Recurrent miscarriage (RM) is a common occurrence, about 15% of all clinically recognized pregnant women resulting in pregnancy failure. RM has been inconsistently defined. When defined as 3 consecutive pregnancy losses prior to 20 weeks from the last menstrual period, it affects about (1- 2) % of women. our study study whether the polymorphisms in PRL-R gene are correlated with the risk of RM. RM casas was (n=25) and apparently healthy control subject (n=15), were enrolled genotyping of PRL-R gene SNP (rs37389 G>T) polymorphism were determined by using Taqman genotyping assay.
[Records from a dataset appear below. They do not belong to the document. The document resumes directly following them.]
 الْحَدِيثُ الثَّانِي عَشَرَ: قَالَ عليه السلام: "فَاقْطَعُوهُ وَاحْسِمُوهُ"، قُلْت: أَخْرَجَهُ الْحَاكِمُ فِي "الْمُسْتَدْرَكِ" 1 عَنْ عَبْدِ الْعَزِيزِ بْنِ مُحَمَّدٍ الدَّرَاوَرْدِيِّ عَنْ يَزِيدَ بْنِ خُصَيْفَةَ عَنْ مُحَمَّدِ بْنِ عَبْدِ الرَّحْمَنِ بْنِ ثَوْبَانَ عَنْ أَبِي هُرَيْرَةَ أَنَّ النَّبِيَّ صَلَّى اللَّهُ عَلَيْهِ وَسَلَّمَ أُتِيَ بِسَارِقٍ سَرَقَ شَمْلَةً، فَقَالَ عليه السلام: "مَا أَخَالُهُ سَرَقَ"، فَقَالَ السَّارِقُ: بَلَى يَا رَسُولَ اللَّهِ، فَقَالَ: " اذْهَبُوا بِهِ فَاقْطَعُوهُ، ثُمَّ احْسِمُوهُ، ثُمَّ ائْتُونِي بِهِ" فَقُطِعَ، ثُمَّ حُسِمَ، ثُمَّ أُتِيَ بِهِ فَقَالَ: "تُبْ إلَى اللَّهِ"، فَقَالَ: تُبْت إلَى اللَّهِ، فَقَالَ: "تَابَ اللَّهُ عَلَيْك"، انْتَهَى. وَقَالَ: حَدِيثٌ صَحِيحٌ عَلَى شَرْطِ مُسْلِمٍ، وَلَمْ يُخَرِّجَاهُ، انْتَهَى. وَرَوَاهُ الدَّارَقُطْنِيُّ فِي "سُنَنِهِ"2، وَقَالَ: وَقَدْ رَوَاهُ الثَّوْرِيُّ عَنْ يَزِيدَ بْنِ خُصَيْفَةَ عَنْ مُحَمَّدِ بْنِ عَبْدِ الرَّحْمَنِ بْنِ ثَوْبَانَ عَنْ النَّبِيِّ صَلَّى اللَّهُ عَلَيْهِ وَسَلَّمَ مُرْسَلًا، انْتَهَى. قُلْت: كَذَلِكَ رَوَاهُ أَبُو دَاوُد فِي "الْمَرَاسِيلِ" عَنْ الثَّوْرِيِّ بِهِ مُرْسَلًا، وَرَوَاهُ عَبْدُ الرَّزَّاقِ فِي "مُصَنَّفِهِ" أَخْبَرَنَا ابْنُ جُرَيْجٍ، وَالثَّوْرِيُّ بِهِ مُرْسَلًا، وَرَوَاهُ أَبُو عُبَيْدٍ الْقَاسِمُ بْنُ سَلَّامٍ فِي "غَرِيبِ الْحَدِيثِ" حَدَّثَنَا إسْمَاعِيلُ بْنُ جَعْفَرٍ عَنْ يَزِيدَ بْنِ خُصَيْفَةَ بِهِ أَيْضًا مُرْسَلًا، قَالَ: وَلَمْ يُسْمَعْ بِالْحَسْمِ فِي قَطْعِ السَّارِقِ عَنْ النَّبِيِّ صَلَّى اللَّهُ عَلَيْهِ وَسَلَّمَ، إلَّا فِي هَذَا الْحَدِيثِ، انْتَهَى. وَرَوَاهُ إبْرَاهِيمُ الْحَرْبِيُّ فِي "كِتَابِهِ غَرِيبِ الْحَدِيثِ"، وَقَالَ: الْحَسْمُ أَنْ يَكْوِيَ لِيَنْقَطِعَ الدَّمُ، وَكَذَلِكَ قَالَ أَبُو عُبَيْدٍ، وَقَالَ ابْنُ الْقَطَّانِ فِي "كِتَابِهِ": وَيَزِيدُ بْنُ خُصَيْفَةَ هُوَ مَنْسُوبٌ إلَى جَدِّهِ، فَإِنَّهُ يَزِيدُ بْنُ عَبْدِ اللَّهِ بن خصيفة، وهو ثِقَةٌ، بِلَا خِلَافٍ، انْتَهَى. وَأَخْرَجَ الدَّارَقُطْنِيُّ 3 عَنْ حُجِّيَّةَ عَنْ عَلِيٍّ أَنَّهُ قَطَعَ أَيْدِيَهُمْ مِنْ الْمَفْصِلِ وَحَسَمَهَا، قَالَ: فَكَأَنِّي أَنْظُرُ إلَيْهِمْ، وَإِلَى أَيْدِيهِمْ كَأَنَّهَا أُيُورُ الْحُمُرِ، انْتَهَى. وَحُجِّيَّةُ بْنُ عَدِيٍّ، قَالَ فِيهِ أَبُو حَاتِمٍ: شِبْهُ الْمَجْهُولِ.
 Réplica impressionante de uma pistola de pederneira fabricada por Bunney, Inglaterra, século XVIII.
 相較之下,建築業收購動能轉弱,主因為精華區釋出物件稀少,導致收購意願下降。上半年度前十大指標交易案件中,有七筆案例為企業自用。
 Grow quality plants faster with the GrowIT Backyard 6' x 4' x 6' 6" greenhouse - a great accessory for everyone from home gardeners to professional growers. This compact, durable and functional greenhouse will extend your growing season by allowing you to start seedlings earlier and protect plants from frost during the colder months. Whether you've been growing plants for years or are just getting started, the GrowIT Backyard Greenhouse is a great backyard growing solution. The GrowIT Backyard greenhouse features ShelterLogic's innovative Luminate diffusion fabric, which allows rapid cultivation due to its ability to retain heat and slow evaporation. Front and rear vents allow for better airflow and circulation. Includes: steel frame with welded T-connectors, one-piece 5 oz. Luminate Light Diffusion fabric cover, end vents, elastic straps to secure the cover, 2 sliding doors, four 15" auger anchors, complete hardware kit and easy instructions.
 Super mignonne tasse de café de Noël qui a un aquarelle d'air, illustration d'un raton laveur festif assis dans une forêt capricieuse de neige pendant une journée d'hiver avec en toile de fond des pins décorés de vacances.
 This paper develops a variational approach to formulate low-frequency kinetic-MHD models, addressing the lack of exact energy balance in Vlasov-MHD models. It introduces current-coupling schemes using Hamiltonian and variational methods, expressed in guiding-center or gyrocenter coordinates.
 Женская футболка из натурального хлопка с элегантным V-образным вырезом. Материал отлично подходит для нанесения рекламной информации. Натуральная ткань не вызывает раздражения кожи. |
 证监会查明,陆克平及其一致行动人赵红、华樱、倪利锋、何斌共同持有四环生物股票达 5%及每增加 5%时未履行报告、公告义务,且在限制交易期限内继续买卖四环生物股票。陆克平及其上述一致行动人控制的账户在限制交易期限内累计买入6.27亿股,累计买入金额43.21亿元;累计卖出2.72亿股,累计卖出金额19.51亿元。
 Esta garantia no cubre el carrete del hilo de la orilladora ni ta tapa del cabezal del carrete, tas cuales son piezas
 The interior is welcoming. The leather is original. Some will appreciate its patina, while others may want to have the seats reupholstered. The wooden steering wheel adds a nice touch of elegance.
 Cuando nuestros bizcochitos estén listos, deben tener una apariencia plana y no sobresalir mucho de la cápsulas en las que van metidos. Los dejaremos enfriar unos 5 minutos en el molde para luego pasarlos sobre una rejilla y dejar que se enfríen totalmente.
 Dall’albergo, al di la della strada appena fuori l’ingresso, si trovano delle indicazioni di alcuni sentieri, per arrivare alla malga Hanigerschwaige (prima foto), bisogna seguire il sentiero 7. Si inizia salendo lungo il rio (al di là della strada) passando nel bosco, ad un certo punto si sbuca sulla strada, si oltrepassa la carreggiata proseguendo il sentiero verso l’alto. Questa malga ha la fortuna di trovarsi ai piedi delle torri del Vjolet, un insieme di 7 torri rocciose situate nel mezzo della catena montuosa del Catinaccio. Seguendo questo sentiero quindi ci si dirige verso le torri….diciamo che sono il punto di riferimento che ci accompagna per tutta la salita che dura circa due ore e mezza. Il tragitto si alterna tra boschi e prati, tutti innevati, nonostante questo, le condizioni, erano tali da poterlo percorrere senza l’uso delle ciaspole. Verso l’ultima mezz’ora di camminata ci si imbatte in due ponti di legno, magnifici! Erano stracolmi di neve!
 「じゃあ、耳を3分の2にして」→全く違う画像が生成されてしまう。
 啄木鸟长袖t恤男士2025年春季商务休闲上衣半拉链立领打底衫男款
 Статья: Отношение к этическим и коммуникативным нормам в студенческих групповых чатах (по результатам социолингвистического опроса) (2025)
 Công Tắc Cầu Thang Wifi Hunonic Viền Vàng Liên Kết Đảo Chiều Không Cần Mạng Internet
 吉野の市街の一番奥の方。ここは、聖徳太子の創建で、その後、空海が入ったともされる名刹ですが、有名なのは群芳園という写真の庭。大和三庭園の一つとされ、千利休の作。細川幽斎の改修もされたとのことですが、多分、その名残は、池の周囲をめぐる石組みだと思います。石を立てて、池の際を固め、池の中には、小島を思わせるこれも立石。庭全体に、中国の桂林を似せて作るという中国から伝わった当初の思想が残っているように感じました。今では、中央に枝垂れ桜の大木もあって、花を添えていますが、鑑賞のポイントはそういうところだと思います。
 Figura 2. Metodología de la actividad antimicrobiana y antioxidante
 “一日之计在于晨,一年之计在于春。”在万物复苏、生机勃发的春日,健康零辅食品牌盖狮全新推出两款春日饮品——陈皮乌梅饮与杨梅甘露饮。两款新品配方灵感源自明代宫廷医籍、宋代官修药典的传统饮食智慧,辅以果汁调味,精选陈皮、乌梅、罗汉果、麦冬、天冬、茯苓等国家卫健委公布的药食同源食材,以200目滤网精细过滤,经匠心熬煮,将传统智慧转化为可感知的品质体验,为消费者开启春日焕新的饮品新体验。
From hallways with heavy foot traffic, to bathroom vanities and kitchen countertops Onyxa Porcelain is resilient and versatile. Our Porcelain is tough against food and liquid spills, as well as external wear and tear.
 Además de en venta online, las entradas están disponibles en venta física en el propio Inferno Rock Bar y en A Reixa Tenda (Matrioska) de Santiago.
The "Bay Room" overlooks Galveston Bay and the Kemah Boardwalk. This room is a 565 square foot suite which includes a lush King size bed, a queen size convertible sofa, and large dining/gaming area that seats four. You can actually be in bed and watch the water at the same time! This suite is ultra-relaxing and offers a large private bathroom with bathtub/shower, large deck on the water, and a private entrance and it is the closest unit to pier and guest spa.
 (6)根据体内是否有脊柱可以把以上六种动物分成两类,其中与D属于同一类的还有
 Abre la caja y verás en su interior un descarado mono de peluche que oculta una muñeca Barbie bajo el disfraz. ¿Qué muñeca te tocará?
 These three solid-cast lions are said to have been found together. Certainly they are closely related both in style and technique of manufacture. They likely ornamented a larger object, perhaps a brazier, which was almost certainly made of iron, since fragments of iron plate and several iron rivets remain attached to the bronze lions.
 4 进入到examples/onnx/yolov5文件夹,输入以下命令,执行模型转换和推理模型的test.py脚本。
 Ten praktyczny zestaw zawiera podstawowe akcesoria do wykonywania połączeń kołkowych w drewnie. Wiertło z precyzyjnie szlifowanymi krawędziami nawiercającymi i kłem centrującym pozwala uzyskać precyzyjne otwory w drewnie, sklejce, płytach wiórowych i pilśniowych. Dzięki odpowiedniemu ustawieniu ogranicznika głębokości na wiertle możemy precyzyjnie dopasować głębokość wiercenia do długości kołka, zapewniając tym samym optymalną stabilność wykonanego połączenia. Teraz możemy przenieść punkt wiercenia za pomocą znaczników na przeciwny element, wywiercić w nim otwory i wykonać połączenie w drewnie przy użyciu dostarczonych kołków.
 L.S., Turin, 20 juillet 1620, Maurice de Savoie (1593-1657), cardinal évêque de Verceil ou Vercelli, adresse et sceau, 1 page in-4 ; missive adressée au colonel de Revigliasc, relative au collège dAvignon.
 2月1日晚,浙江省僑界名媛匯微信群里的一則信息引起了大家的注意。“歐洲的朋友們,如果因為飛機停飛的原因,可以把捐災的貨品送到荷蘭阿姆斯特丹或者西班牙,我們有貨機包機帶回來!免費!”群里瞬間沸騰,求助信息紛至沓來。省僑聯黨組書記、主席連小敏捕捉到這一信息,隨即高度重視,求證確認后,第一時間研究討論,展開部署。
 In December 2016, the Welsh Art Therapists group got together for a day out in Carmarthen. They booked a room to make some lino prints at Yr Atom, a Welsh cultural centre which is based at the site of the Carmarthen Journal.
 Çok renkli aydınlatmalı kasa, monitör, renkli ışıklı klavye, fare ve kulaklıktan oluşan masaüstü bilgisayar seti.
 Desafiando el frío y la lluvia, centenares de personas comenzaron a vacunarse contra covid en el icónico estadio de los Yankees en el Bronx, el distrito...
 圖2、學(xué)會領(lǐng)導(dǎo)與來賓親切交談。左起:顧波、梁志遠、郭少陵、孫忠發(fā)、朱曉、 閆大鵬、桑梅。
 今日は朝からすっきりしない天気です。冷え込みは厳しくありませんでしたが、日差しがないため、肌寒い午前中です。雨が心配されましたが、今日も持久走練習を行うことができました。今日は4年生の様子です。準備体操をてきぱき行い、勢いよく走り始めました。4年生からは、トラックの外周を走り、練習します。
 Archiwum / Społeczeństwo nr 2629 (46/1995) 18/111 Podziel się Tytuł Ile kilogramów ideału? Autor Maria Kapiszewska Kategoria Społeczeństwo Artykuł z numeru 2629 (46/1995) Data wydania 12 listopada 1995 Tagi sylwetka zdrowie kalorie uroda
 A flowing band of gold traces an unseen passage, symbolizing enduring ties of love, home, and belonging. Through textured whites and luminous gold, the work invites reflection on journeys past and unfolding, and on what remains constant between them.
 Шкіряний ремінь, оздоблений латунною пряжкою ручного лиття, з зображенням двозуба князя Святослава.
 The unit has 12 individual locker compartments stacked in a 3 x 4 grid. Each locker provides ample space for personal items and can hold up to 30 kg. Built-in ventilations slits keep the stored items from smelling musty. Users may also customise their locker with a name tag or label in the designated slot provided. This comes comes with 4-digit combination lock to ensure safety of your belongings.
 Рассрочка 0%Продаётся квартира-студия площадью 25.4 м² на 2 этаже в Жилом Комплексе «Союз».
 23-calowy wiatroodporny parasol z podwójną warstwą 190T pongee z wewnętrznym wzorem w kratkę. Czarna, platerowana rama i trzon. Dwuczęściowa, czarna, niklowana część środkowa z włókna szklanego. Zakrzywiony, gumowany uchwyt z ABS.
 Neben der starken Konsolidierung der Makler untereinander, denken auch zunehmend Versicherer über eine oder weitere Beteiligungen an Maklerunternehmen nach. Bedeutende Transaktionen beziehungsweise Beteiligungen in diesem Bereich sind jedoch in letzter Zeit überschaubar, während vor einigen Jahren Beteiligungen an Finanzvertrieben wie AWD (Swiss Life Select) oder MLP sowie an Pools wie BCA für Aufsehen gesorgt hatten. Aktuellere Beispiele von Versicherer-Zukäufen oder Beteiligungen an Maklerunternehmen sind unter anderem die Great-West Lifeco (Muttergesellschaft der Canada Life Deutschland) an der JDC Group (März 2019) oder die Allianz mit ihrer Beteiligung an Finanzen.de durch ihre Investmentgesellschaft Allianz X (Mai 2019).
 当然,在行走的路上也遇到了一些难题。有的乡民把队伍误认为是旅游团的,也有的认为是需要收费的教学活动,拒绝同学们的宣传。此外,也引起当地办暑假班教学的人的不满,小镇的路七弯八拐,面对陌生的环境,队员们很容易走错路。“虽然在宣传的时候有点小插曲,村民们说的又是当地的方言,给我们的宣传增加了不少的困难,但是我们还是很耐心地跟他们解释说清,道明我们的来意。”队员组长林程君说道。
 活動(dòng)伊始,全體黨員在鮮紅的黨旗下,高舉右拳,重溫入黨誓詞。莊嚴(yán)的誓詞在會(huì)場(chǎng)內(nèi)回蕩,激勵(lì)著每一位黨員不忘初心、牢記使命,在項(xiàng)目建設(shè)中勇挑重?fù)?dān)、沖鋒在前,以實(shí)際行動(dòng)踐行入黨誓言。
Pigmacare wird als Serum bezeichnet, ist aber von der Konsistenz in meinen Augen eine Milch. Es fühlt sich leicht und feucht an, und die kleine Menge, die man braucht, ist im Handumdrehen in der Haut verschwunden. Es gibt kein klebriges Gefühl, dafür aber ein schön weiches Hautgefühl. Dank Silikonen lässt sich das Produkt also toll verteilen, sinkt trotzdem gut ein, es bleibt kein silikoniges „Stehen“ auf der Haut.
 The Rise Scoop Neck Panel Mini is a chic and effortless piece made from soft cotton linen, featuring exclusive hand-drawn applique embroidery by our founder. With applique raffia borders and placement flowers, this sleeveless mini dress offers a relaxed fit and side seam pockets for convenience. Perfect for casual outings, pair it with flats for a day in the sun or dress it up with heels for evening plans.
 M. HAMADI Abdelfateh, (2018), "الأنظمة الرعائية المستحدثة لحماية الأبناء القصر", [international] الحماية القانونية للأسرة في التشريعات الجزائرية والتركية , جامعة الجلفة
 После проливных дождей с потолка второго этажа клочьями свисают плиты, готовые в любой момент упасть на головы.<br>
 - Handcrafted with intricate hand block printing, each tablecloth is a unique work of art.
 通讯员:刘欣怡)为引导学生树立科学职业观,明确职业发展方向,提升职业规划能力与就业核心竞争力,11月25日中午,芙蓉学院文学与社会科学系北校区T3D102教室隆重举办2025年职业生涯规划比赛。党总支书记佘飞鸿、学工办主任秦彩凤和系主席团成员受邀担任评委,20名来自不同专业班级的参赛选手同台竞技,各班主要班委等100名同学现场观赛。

This study was carried out in the laboratory of institute of genetic angering and biotechnology for postgraduate study- university of Baghdad from November 2018 to February 2019, and the sample were collected from several laboratories in Baghdad. the distribution of genotypes and alleles frequencies results showed that at rs37389‎ SNP of PRL-R gene, as related with TT, TG and combined TG+GG genotypes, significant differences in frequency percentage were recorded between RM patients and apparently healthy subjects, the frequency of wild TT genotype was significantly lower in patients with RM than in apparently healthy subjects. In contrast, the frequency of heterozygous TG genotype and mutant genotype were significant higher in patients with RM compared with apparently healthy subjects. This study found an association between both heterozygous and homozygous mutants genotype at rs37389 of PRL-R gene with a risk for RM susceptibility.